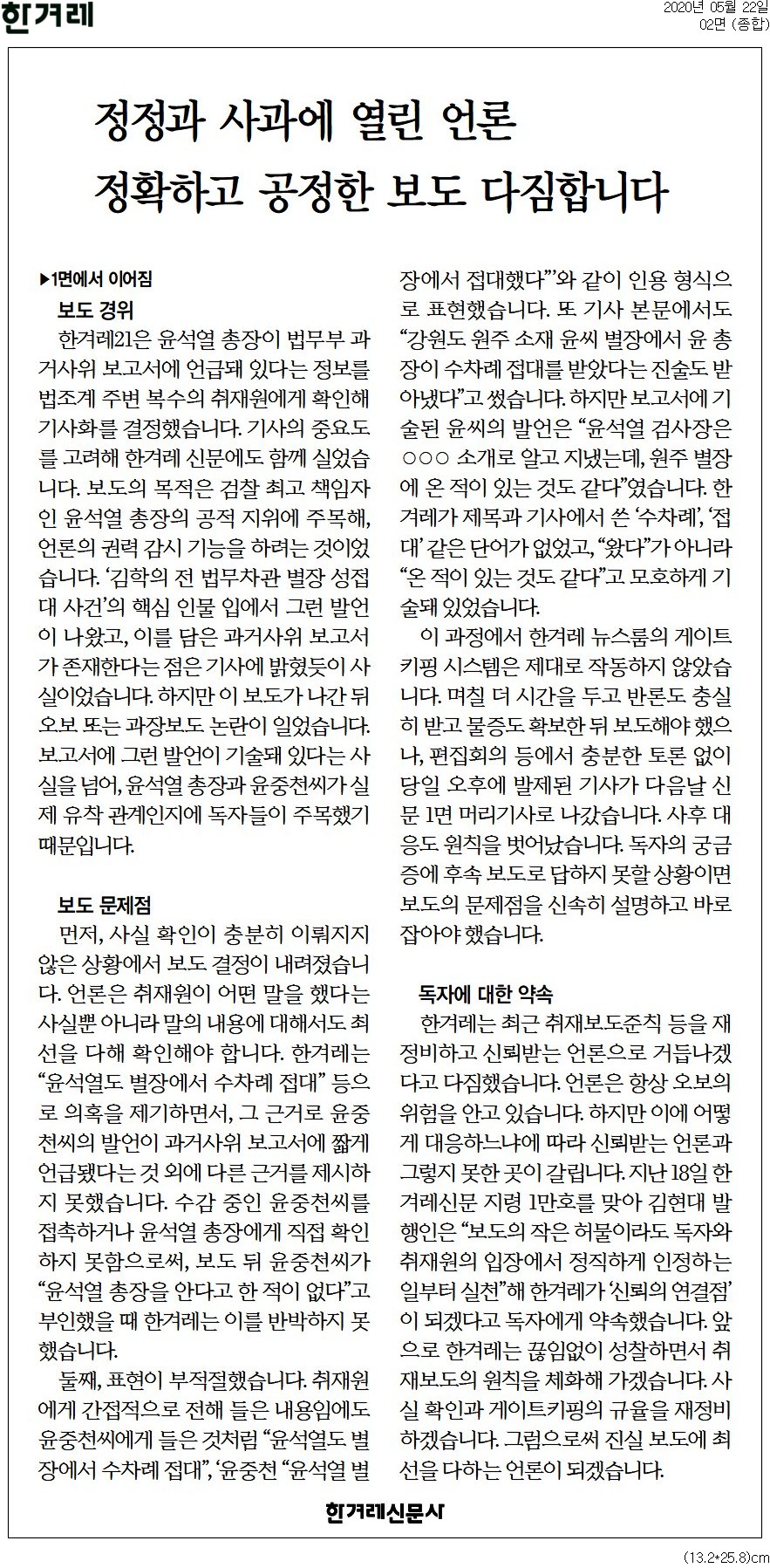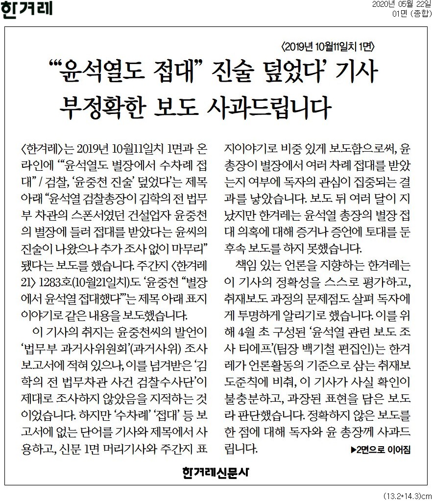 나아가 한겨레는 이들 보도가 "한겨레가 언론활동의 기준으로 삼는 취재보도준칙에 비춰, 이 기사가 사실 확인이 불충분하고, 과장된 표현을 담은 보도라 판단했습니다. 정확하지 않은 보도를 한 점에 대해 독자와 윤 총장께 사과드립니다"고 했거니와, 이는 이들 보도가 오보임을 부연한 대목이다.
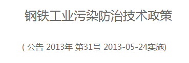 鋼鐵工業(yè)污染防治技術政策( 公告 2013年 第31號 2013-05-24實施) 一、總則 (一)為貫徹《中華人民共和國環(huán)境保護法》等法律法規(guī),防治環(huán)境污染,保障生態(tài)安全和人體健康,促進鋼鐵工業(yè)結構優(yōu)化升級,推進行業(yè)可持續(xù)發(fā)展,制定本技術政策。 (二)本技術政策為指導性文件,供各有關單位在環(huán)境保護...
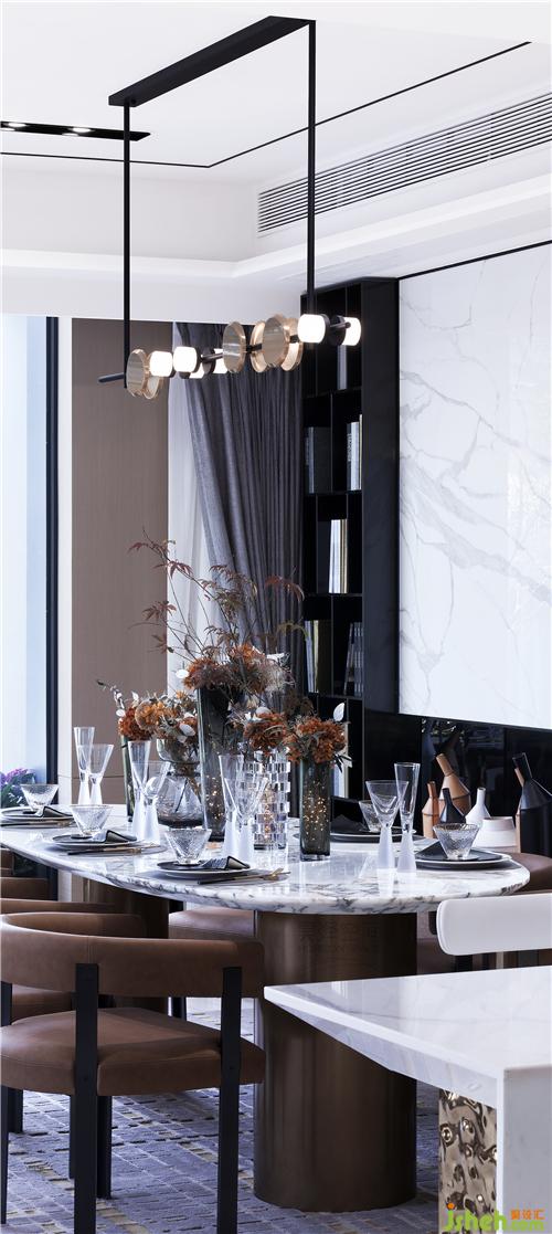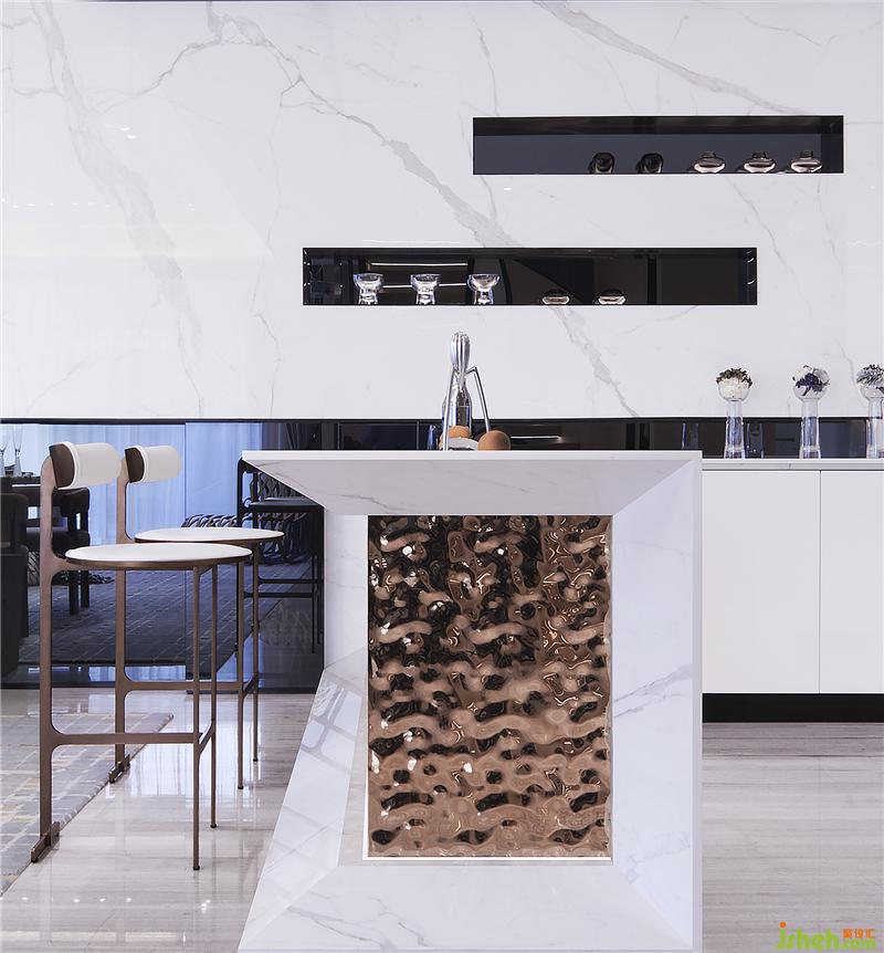 一層開敞的空間同時容納了客廳、餐廳及西廚的功能,開放的交互關(guān)系增進了情感交流,這種愉悅的空間氛圍如同譜寫樂章,在美感的引導(dǎo)下,把偶然的事件變成一個主題,然后記錄在生命的樂章中。猶如作曲家譜寫奏鳴曲的主旋律,人生的主題也在反復(fù)出現(xiàn)、重演、修正、延展。
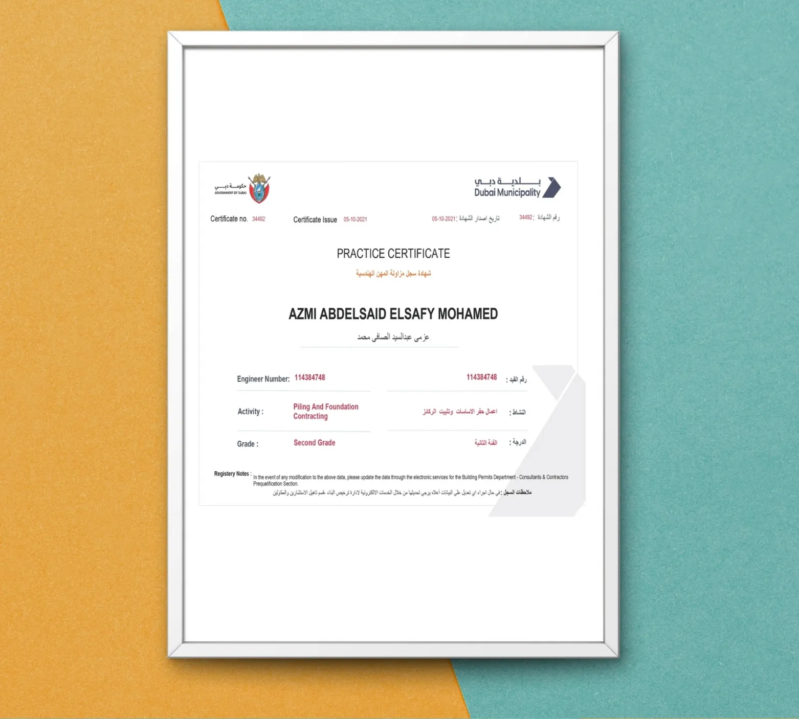 This certificate authorizes Engineer Azmi Abdelsaid Elsafy Mohamed to professionally practice within the field of Piling and Foundations Contracting in the Emirate of Dubai. It confirms the engineer’s qualification, technical competence, and compliance with the Dubai Municipality’s engineering standards and safety regulations. The certification enables the holder to oversee, design, and execute specialized foundation and piling works, ensuring adherence to quality construction practices and the city’s regulatory framework.

- _Assignment_:
Write out an exact copy of the listing, first line through the line containing "一層開敞的空間同時容納了客廳", with the pictures left out.

- _Final answer_:
 나아가 한겨레는 이들 보도가 "한겨레가 언론활동의 기준으로 삼는 취재보도준칙에 비춰, 이 기사가 사실 확인이 불충분하고, 과장된 표현을 담은 보도라 판단했습니다. 정확하지 않은 보도를 한 점에 대해 독자와 윤 총장께 사과드립니다"고 했거니와, 이는 이들 보도가 오보임을 부연한 대목이다.
 鋼鐵工業(yè)污染防治技術政策( 公告 2013年 第31號 2013-05-24實施) 一、總則 (一)為貫徹《中華人民共和國環(huán)境保護法》等法律法規(guī),防治環(huán)境污染,保障生態(tài)安全和人體健康,促進鋼鐵工業(yè)結構優(yōu)化升級,推進行業(yè)可持續(xù)發(fā)展,制定本技術政策。 (二)本技術政策為指導性文件,供各有關單位在環(huán)境保護...
 一層開敞的空間同時容納了客廳、餐廳及西廚的功能,開放的交互關(guān)系增進了情感交流,這種愉悅的空間氛圍如同譜寫樂章,在美感的引導(dǎo)下,把偶然的事件變成一個主題,然后記錄在生命的樂章中。猶如作曲家譜寫奏鳴曲的主旋律,人生的主題也在反復(fù)出現(xiàn)、重演、修正、延展。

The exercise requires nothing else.